- Born: Jonathan Michael Samet March 26, 1946 (age 80) Newport News, Virginia
- Education: Harvard University (BA) University of Rochester (MD) Harvard University (MS)
- Awards: Calderone Prize (2025)

= Jonathan Samet =

American physician and epidemiologist

Jonathan Michael Samet (born March 26, 1946 in Newport News, Virginia) is an American pulmonary physician and epidemiologist who served as dean of the Colorado School of Public Health. He was also the chair of the Clean Air Scientific Advisory Committee of the Environmental Protection Agency, as well as the Tobacco Products Scientific Advisory Committee of the Food and Drug Administration.

==Education==
Samet received his A.B. from Harvard College in 1966, his M.D. from the University of Rochester School of Medicine in 1970, and his M.S. in epidemiology from the Harvard School of Public Health in 1977.

==Career==
In 1978, Samet joined the faculty of the University of New Mexico as an assistant professor, where he became an associate professor in 1982. In 1986, he became the Professor of Family, Community, and Emergency Medicine at the University of New Mexico's School of Medicine, as well as the chief of the Pulmonary Division there. From 1994 until 2008, he was a professor at Johns Hopkins University's Bloomberg School of Public Health, as well as the Chair of the Department of Epidemiology there. He also served as the director of Johns Hopkins' Institute for Global Tobacco Control from 1998 to 2008. In 2008, he joined the faculty of the University of Southern California as the Flora L. Thornton Chair of the Department of Preventive Medicine, as well as the founding director of the USC Institute for Global Health. In 2011, he served as the chair of an International Agency for Research on Cancer working group regarding whether mobile phone use was carcinogenic.

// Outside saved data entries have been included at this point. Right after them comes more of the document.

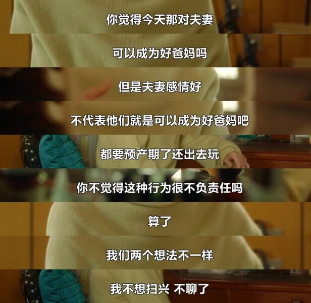 最后的最后,男方在回避,在挽留,脑中还存有美好的一家四口的愿景,在尝试继续承诺,女方再次,开口做那个成熟的啰嗦的坏人。她知道这不是他们两个人的事,不是他们两个人就能走过去的事。
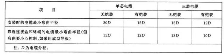 根据GB 50054-95低压配电设计规范中第5.6.39条,电缆敷设的弯曲半径与电缆外径的比值,不应小于表3的规定。
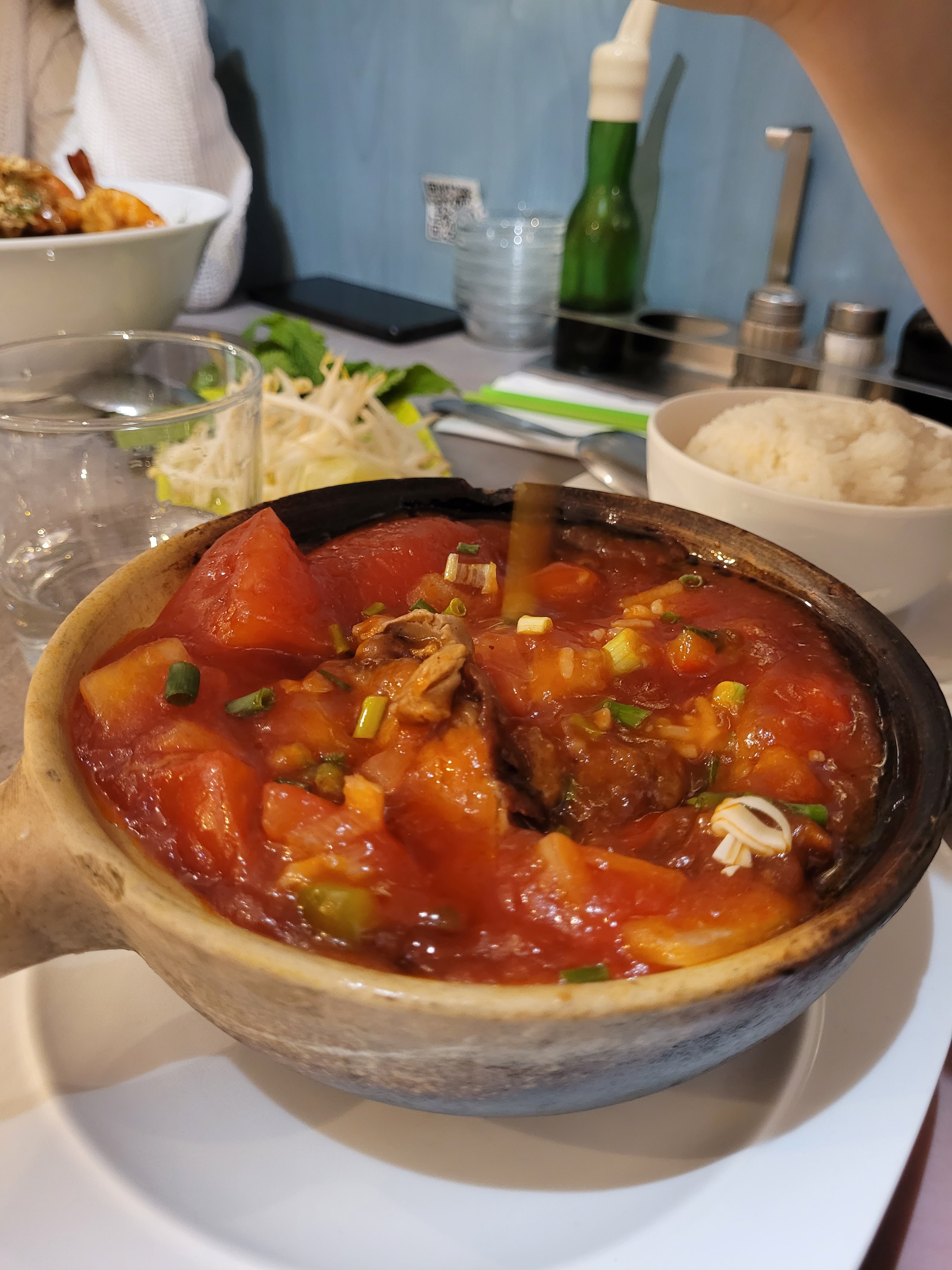 J'amairais bien mon plat (marmite au canard du mangue), mais le service c'était pas parfait. Les plats n'ont pas arrivé à la même temps, donc nous avons pu manger aux temps différents, ou le première personne à pu attendre pour tout le monde et mange un plat un peu froid. Dommage, parce que mon plat était vraiment délicieux.
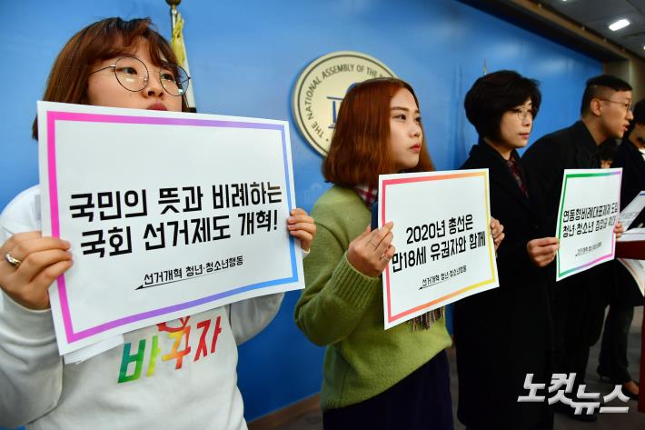 바른미래당 김수민 의원과 6개 정당 청년위원회(바른미래당, 민주평화당, 정의당, 민중당, 녹색당, 우리미래)의 ‘선거개혁 청년· 청소년행동’이 28일 오전 국회 정론관에서 '청년.청소년 정치참여를 위한, 선거개혁 집중행동 선포' 기자회견을 하고 있다.

In 2017 he became dean of the Colorado School of Public Health, serving in that capacity until 2023. He was a Professor in the Departments of Epidemiology and Environmental and Occupational Health at the Colorado School of Public Health.

==Research==
Samet's research focused on the health risks of pollutants such as air pollution, radon, and passive smoking.

==Honors and awards==
Samet received the Surgeon General's Medallion in 1990 and 2006, the 2004 Prince Mahidol Award for Global Health awarded by the King of Thailand, and the 2006 Public Service Award of the American Thoracic Society. In 1997, he was inducted into the Institute of Medicine. In 2025, Samet was awarded the Calderone Prize, the most prestigious award in the field of public health.